The derivation of required information from a scene is not limited to the practical environment. Depending on the application, the prediction of scenes from an image might vary, i.e. prediction of all presented objects in a scene, prediction of organized objects, prediction of similar objects, prediction of interesting scenes in an object, and so on. These complex information systems are maintained by visual queries, called as visual systems. If the represented objects are not linked to the scene, then understanding the scene with visual memory will be helpful. The design of complex visual queries assists in binding the objects represented under retainable memory. The objects are learned from both online and offline modes.
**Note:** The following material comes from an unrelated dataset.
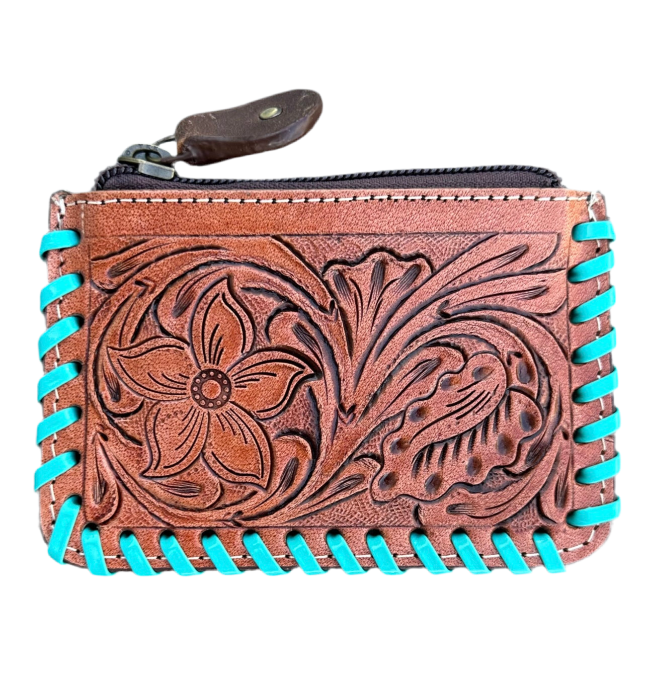 This 5" x 3" zippered coin wallet is stylish and practical. Features a beautiful floral tooled leather design on the front and back.

Online learning schemes are quite low in dealing with complex visual queries compared to offline schemes.

System model

Consider a set of images representing the different scenes. It is presented in the matrix, I = [\({s}_{1},{s}_{2},{s}_{3},{s}_{4}\dots .{s}_{c}]\) \(\in\) \({R}^{F\times T}\). The required visual memory schema (VMS) is represented as M = [\({m}_{1},{m}_{2},{m}_{3},{m}_{4}\dots .{m}_{c}] \in\) \({R}^{T}\), where \({v}_{i }\in {R}^{F}\) and F is the dimension of features; R is the real number field; T is the set of training videos and \({v}_{i}\) is the set of variables. The objects and the regions of the scene are presented in visual schemas that include physical and spatial properties. Specifically, the different regions of a scene with required information are associated, sorted, and encoded into a visual memory. It is then retrieved with the efficient memory schema. However, the VMS can bring deviated interference between observed and predicted information. Each image’s visual region map is formulated and remembered for further use. It encodes semantic knowledge and episodic memory of an image. Therefore, the VMS may correspond to true and false image memorability. Thus, updating the VMSs according to the online and offline modes is presented.

Feature extraction

The three main features, annotation, object, and scene of an image are employed to build an efficient VMS. As presented in a dataset, the human annotation varies; thus, normal and difficult annotations are used.

Long-term learning

The chance that interesting scenes and redundant scenes might become uninteresting scenes during the long-term learning process. Role-based lateral placement (RBLP) is a novel behaviour-based and unsupervised method used in this study. It performs to identify the intra- image associations. The different scenes of an image are communicated over time which are arranged into a learnable set of roles. Once after extracting the features, these are fed into the LP process of the RBLP technique. Lateral placement (LP) is the closest lateral position of a robot from the edge of the pavement when the robot is in motion. A reference line is maintained to eliminate the collapse of the robot during motion. The performance time of each robot is captured from the video frames. Based on that, the distance and speed of the robot are estimated. The estimated object attributes from a frame are considered for defining the candidate roles. The design of role-based learning models relies on the subject of the input frame.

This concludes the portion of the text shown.